From transportation and agriculture, to manufacturing and healthcare, over 200,000 data sets have already been made available on www.data.gov. And depending on the various types of R&D applications, different datasets and models may be required to (i) accelerate advances in AI, (ii) enhance AI application explainability, and (iii) ensure more innovative, trustworthy, and inclusive AI applications. Michael Kratsios, Deputy Assistant to the President for Technology Policy, agreed, in summary, stating that the “RFI represents yet another step forward in the American AI Initiative to accelerate our leadership and empower our innovators and the American people.”
Intel has long realized that the U.S. has a great opportunity with AI to increase its industrial competitiveness, improve the population’s quality of life, and maintain its leadership stance on the world stage. Through its National AI Research and Development Strategic Plan, the OMB’s National Science and Technology Council has signaled its willingness to act to maintain U.S. leadership on AI. Intel stands ready to work closely with all interested stakeholders to develop viable pathways to pursue the development and adoption of responsible data stewardship to unleash the power of AI. Thus, along with responding to the OMB’s RFI with key recommendations regarding key gaps in data and model availability that are slowing progress in AI R&D and testing, we identified those Federal datasets that agencies should earmark as “most important,” outlined herein.
Quality Improvements to Accessible Data and Models to Improve AI R&D and Testing
In response to the OMB‘s query regarding identification of Federal datasets that agencies should earmark as “most important,” agencies maintaining health, healthcare, and life sciences datasets should be triaged as priority datasets. Specifically, this data will foster the use of complex algorithms and models to estimate human cognition in the analysis of complicated medical data; it will cultivate the ability for algorithms to approximate conclusions without direct human input. As the availability of data increases, so does the potential to provide better services and more effective therapies and treatments.

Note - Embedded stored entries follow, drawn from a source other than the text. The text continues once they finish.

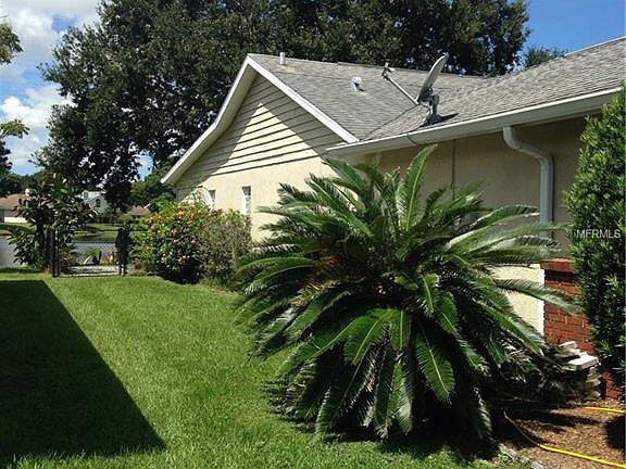 This home 0ffers 3 beds, 2 baths and a attached garage, 20' x 20'. You enter into a huge living room cathedral ceilings and a separate dining area leading to the remodeled kitchen with granite counters and glass tile backsplash against the white cabinets. There is a closet pantry, breakfast area and a large laundry inside too. All of the main living area is tiled. The 3 bedrooms are wood laminate. The master bedroom offers the cathedral ceilings and a large walk in closet, 6' x 9'. The on suite is complete with granite counters, dual sinks, jacuzzi garden tub and a large dual headed shower, 4' x 5', with dual controls. The living room, kitchen/breakfast area and master suite all have sliding glass doors to rear, with spectacular views of the large lake and fenced in backyard. The a/c units, hot water heater, stove, refrigerator, dishwasher and above the stove microwave were all replaced in 2014. the home is concrete block with wood and red brick accent on the front.
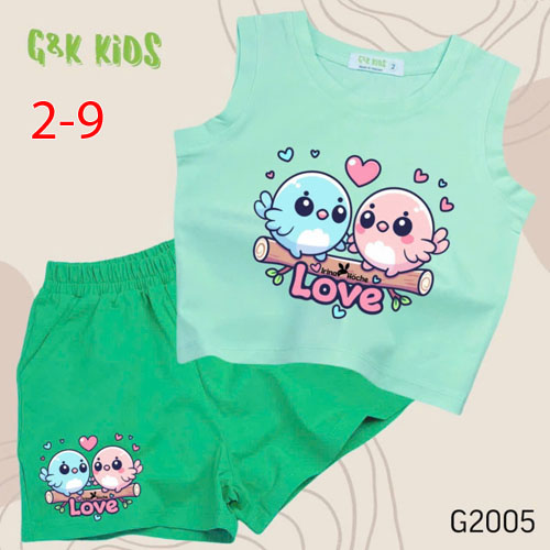 A458617 - Bộ quần đùi áo sát nách bé gái chất thun coton 4c in 2 chú chim LOVE_Size 2-9
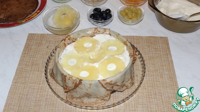 Предлагаю приготовить очень вкусный, легкий торт из блинчиков. Такой тортик будет прекрасным дополнением к праздничному столу.
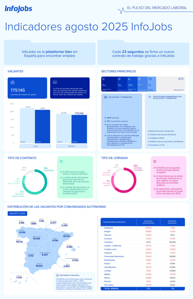 InfoJobs, la plataforma líder de empleo en España, registró el pasado mes de agosto un total de 179.146 vacantes de empleo para trabajar en España, una cifra inferior a la de julio (-17%), cuando se alcanzaron las 217.118 vacantes, y que también queda por debajo de la registrada hace un año, momento en el que se contabilizaron 182.998 puestos de trabajo ofertados (-2%).
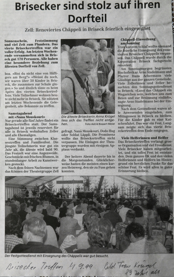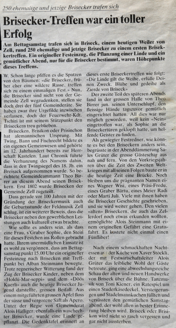 Gemeinschaft zusammengeschweisst haben. Das letzte Fest unter dem Namen “Brisecker Chäferfest”

Agencies’ focus on the responsible liberation of health, healthcare, and life sciences data “can help physicians and researchers prevent disease, speed recovery and save lives, by unlocking complex and varied datasets to develop new insights.” 

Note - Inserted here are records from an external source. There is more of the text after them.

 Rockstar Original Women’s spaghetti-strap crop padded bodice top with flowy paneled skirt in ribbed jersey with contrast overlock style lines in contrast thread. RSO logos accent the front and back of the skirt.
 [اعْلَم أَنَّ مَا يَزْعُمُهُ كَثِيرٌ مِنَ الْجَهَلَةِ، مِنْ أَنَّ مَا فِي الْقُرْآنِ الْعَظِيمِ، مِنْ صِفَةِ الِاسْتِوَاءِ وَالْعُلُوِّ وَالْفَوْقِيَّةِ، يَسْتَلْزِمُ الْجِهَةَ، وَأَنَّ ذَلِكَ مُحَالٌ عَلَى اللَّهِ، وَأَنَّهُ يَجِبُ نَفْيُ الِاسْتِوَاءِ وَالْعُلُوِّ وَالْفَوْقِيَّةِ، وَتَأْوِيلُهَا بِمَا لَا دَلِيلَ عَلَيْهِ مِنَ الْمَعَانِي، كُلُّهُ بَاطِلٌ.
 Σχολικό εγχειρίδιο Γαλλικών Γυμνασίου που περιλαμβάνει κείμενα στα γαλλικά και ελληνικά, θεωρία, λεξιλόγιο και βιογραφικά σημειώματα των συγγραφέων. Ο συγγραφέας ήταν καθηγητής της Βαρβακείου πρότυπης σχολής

From medical imaging, clinical systems, & lab/life science, to radiology, telehealth, & electronic health records, Intel is investing in health, healthcare, and life science-related businesses with a goal to use AI to accelerate research and development in the health, healthcare, and life sciences market sector. Intel encourages the U.S. government to earmark the 3477 datasets as “most important,” ensuring that both access to (and quality improvements of) these healthcare-related datasets are set as priorities for all agencies. For example, healthcare-related data can further be used for “scientific research, statistics, development and innovation activities, steering and supervision of authorities, planning and reporting duties by authorities, teaching and knowledge management.”  Nonetheless, in accordance with the globally recognized principle of data minimization, government agency focus on health care & life sciences accessibility should consider the following, in order of priority :
- Aggregate data
- Anonymized personal data
- Personal data that does not contain identifiers that would directly identify a person
- Pseudonymized personal data
- Exceptionally, data containing personal identifiers in well-justified situations
Increased access to data that can predict health outcomes through the use of analytical capabilities such as AI create remarkable potential to solve some of society’s most vexing health problems. However, this same access to data and increased analytical ability demonstrate the need for robust privacy and security controls. “Gaining the value of these technology advances, while still protecting privacy/security is a challenge that needs increased attention.” 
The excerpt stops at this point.